This winter, there was one free agent starter who could make the Yankees feel confident about their rotation. He picked Philadelphia, and the Yankees were left scrambling for spare parts. Those spare parts have been outstanding, A.J. Burnett has bounced back from last season’s misery, Nova has been inconsistent but generally pretty good as a rookie, and CC Sabathia is once again an early Cy Young candidate. When Phil Hughes landed on the DL after just three starts, the Yankees rotation was tested, but it rose to the challenge.
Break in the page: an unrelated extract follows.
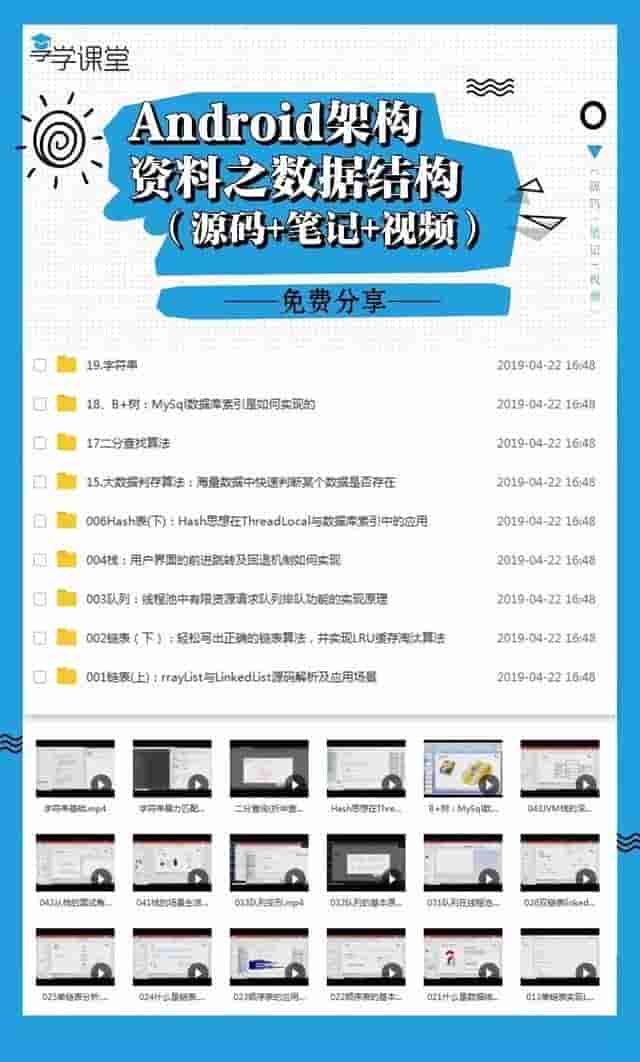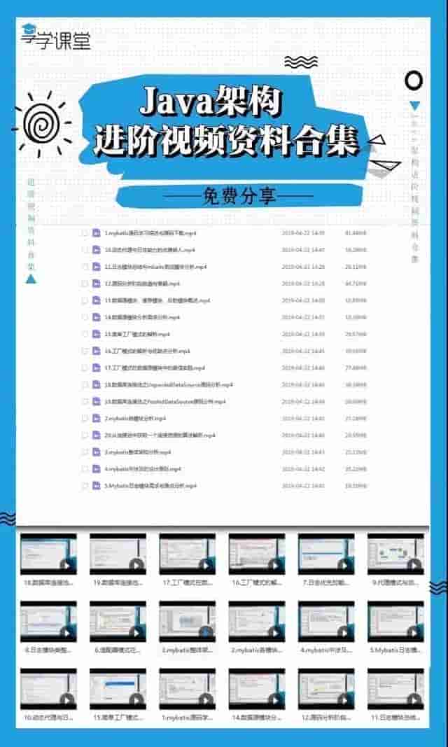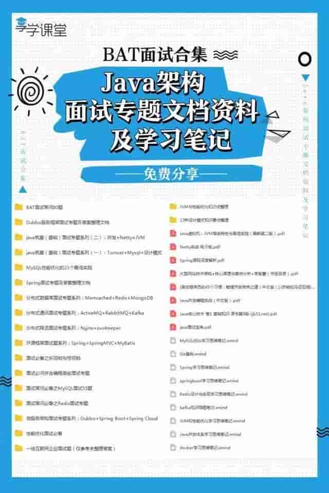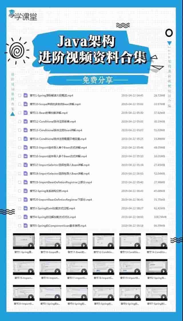 觉得不错的朋友可以点点左下角的拇指小赞一下,同时在这给大家分享少量免费的架构资料(包括 视频,课件,面试专题,学习笔记等)关注官方微信公众号,那里每天都会有技术干货、技术动向、职业生涯、行业热点、职场趣事等一切有关于程序员的内容分享。更有海量Java架构、移动互联网架构相关源码视频,面试资料,电子书籍截止于4月28日免费发放。学习资源丰富实用,有需要的朋友可以来关注,扫描下方二维码关注wx公众号免费获取↓↓↓

The Yankees have obvious rotation depth heading into the second half of the season. Nova was crowded out of the rotation despite success, so he’s ready to step in if the Yankees need someone. Based on results, there’s little reason to doubt Colon and Garcia, but their age and recent injuries raise some obvious red flags. The biggest question, though, is probably Hughes. He’s made just one start since coming off the disabled list, and although his velocity was much better than it was in April, he didn’t exactly plow through the Indians lineup. The Yankees are hoping that the Hughes saw in last year’s first half shows up for this year’s second half.
D.J. Mitchell, David Phelps, Adam Warren and Lance Pendleton each have ERAs of 3.38 or lower in Triple-A. Now they’re joined by Nova to give the Yankees a good, young Triple-A rotation. Their success helps cover the fact that Andrew Brackman has been surprisingly bad, losing his rotation spot and struggling to find consistency as a reliever.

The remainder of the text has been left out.